### About this exercise
With the pictures left out, repeat every entry that follows exactly.

### Information supplied
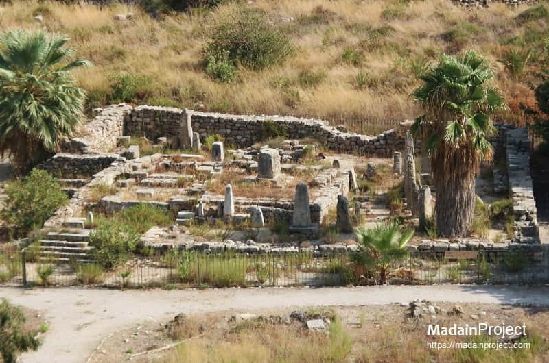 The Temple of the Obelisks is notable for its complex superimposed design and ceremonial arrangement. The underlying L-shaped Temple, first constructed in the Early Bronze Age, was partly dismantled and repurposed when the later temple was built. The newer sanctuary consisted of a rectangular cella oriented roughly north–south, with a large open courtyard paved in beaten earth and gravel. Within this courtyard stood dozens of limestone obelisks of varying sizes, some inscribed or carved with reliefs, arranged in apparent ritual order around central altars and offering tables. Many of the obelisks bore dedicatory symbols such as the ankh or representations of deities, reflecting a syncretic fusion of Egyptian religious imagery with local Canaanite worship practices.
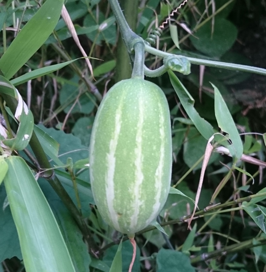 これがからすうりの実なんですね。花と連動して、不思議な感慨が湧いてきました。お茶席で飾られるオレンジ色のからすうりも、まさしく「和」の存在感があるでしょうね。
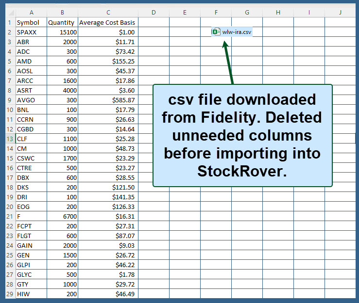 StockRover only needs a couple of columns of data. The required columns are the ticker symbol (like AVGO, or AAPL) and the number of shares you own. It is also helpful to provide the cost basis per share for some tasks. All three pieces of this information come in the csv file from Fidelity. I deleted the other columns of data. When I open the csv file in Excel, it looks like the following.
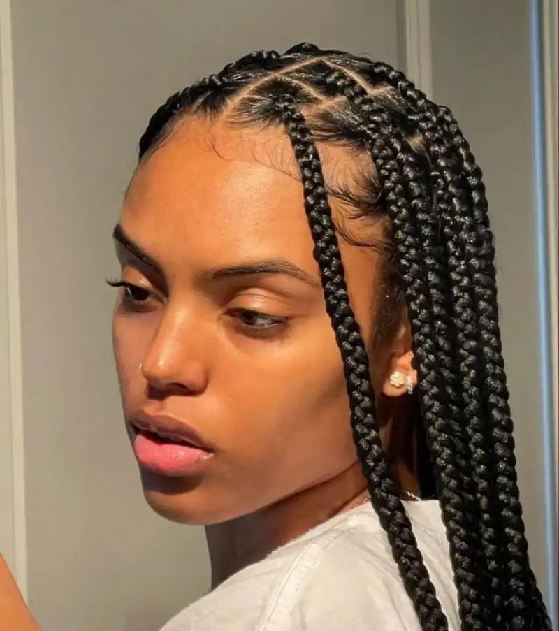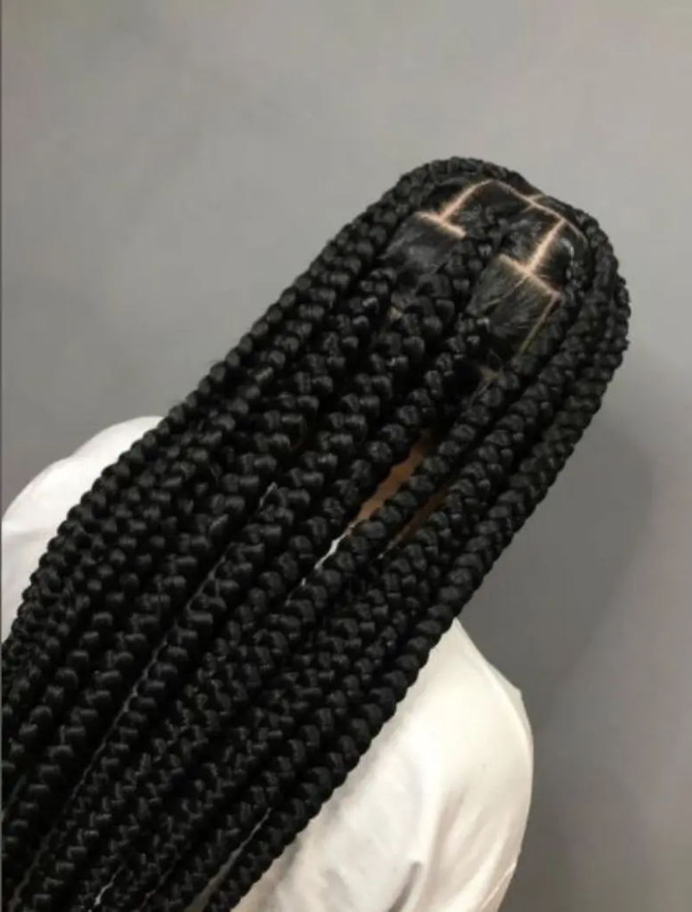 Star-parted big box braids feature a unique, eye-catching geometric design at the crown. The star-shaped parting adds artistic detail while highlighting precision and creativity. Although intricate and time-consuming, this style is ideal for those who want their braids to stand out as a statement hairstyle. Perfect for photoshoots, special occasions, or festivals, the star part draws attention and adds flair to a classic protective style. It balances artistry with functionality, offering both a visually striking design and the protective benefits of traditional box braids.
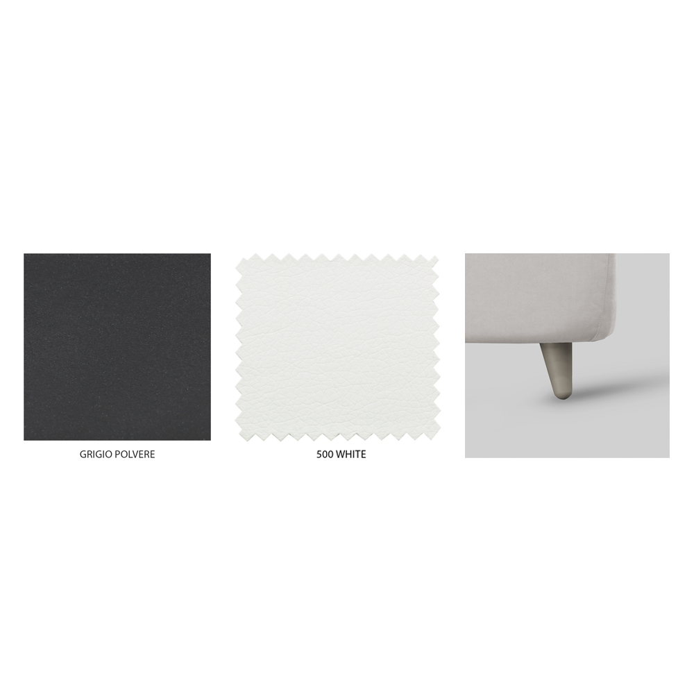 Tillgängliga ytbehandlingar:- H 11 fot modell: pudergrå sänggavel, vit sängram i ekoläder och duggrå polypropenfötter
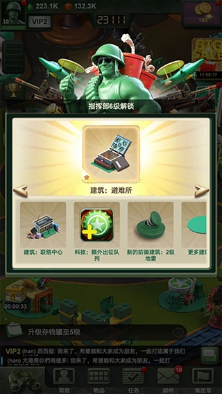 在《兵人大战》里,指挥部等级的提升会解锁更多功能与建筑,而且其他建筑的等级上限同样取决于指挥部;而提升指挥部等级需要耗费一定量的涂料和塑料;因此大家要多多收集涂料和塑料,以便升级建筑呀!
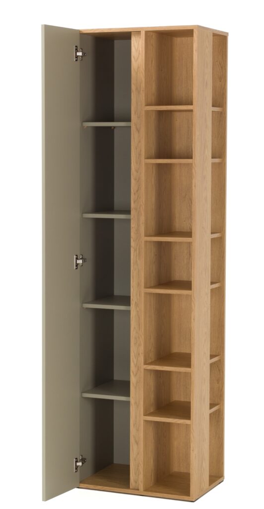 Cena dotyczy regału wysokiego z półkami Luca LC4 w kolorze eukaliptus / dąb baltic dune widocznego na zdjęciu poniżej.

### Answer space
 The Temple of the Obelisks is notable for its complex superimposed design and ceremonial arrangement. The underlying L-shaped Temple, first constructed in the Early Bronze Age, was partly dismantled and repurposed when the later temple was built. The newer sanctuary consisted of a rectangular cella oriented roughly north–south, with a large open courtyard paved in beaten earth and gravel. Within this courtyard stood dozens of limestone obelisks of varying sizes, some inscribed or carved with reliefs, arranged in apparent ritual order around central altars and offering tables. Many of the obelisks bore dedicatory symbols such as the ankh or representations of deities, reflecting a syncretic fusion of Egyptian religious imagery with local Canaanite worship practices.
 これがからすうりの実なんですね。花と連動して、不思議な感慨が湧いてきました。お茶席で飾られるオレンジ色のからすうりも、まさしく「和」の存在感があるでしょうね。
 StockRover only needs a couple of columns of data. The required columns are the ticker symbol (like AVGO, or AAPL) and the number of shares you own. It is also helpful to provide the cost basis per share for some tasks. All three pieces of this information come in the csv file from Fidelity. I deleted the other columns of data. When I open the csv file in Excel, it looks like the following.
 Star-parted big box braids feature a unique, eye-catching geometric design at the crown. The star-shaped parting adds artistic detail while highlighting precision and creativity. Although intricate and time-consuming, this style is ideal for those who want their braids to stand out as a statement hairstyle. Perfect for photoshoots, special occasions, or festivals, the star part draws attention and adds flair to a classic protective style. It balances artistry with functionality, offering both a visually striking design and the protective benefits of traditional box braids.
 Tillgängliga ytbehandlingar:- H 11 fot modell: pudergrå sänggavel, vit sängram i ekoläder och duggrå polypropenfötter
 在《兵人大战》里,指挥部等级的提升会解锁更多功能与建筑,而且其他建筑的等级上限同样取决于指挥部;而提升指挥部等级需要耗费一定量的涂料和塑料;因此大家要多多收集涂料和塑料,以便升级建筑呀!
 Cena dotyczy regału wysokiego z półkami Luca LC4 w kolorze eukaliptus / dąb baltic dune widocznego na zdjęciu poniżej.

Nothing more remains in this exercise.